A cohort of consecutive subdural hematoma evacuation patients from one University Medical Centre was assessed with post-operative intracranial air volume measurements by computed tomography. Intracranial pressure changes related to estimated intracranial air volume effects of changing atmospheric pressure (simulating flight and cabin pressure changes up to 8000 ft) were simulated using an established model for intracranial pressure and volume relations.
Approximately one third of the cohort had post-operative intracranial air. Of these, approximately one third had intracranial air volumes less than 11 ml. The simulation estimated that the expected changes in intracranial pressure during ‘flight’ would not result in intracranial hypertension. For intracranial air volumes above 11 ml, the simulation suggested that it was possible that intracranial hypertension could develop ‘inflight’ related to cabin pressure drop. Depending on the pre-flight intracranial pressure and air volume, this could occur quite early during the assent phase in the flight profile.
These findings support the idea that there should be radiographic verification of the presence or absence of intracranial air after craniotomy for patients planned for long distance air transport.
Very small amounts of air are clinically inconsequential. Otherwise, air transport with maintained ground-level cabin pressure should be a priority for these patients.

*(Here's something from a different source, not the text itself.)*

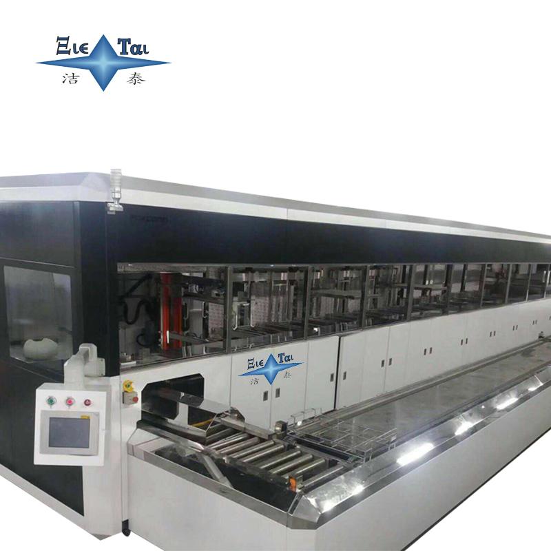 潔泰龍門臂超聲波清洗機,是一款全自動,清洗過程由微控控制,5個由SUS316材質(zhì)制作的清洗槽,漂洗槽、烘干槽組成的一條連續(xù)工作的裝置。操作者將裝有工件的清洗籃放置在進料輸送滾道上,輸送滾道將清洗籃送往上料工位,機械手依次將清洗籃送往各清洗槽,對工件進展熱浸洗、超聲粗洗、超聲精洗、蒸汽浴洗及熱風烘干,第一到五槽的熱浸洗、超聲波粗洗、超聲波精洗、蒸汽浴洗、熱風烘干過程中,清洗籃旋轉(zhuǎn)機構(gòu)使清洗藍始終處于旋轉(zhuǎn)狀態(tài),使工件充分得到清洗,提升過程中洗籃也始終處于旋轉(zhuǎn)狀態(tài),并在冷凍區(qū)停留一段時間,使清洗液脫離工件流回清洗槽,工件橫移機構(gòu)負責將工件挪動一個工位,出料輸送滾道將清洗好的工件送往出口,操作者在出口處將工件卸下,翻開洗籃將工件道入器皿,清洗既告完成。

Air that occurs in body spaces that normally do not contain air, or cannot eliminate the air directly by some form of ventilation, normally will be resorbed over time and disappear. If intracranial air is present post-operatively [1, 2], for example after the surgical evacuation of an intracranial expansive lesion, it will also be resorbed over time, over weeks [3, 4]. In modern, centralized, specialty care, patients receiving neurosurgical operative interventions (commonly borr hole or mini-craniotomy) at a tertiary care hospital may be transported back to their home hospital early after their operation accompanied by critical care personnel [5, 6], where post-operative intracranial air (if present) has not yet been resorbed. This study concerns assessment of risk for adverse medical consequences related to expansion of post-operative intracranial air. This is a clinical risk for patients who are transported post-operatively between hospitals by fixed wing air ambulance, where cabin pressures change in-flight.
When inside the cabin of an aircraft gaining altitude with the cabin pressure valve in the usual operating position, cabin pressure will decrease down to 0.74 atm, and air in closed body spaces will expand according to Boyle’s ‘law’ (a fixed relationship between gas volume, pressure, and temperature) . In theory, if the flight altitude change occurs more slowly, and likewise the cabin pressure change also occurs more slowly, then it is thought that ICP changes might not be as dramatic, related to cerebrospinal fluid flow out of the cranium over time .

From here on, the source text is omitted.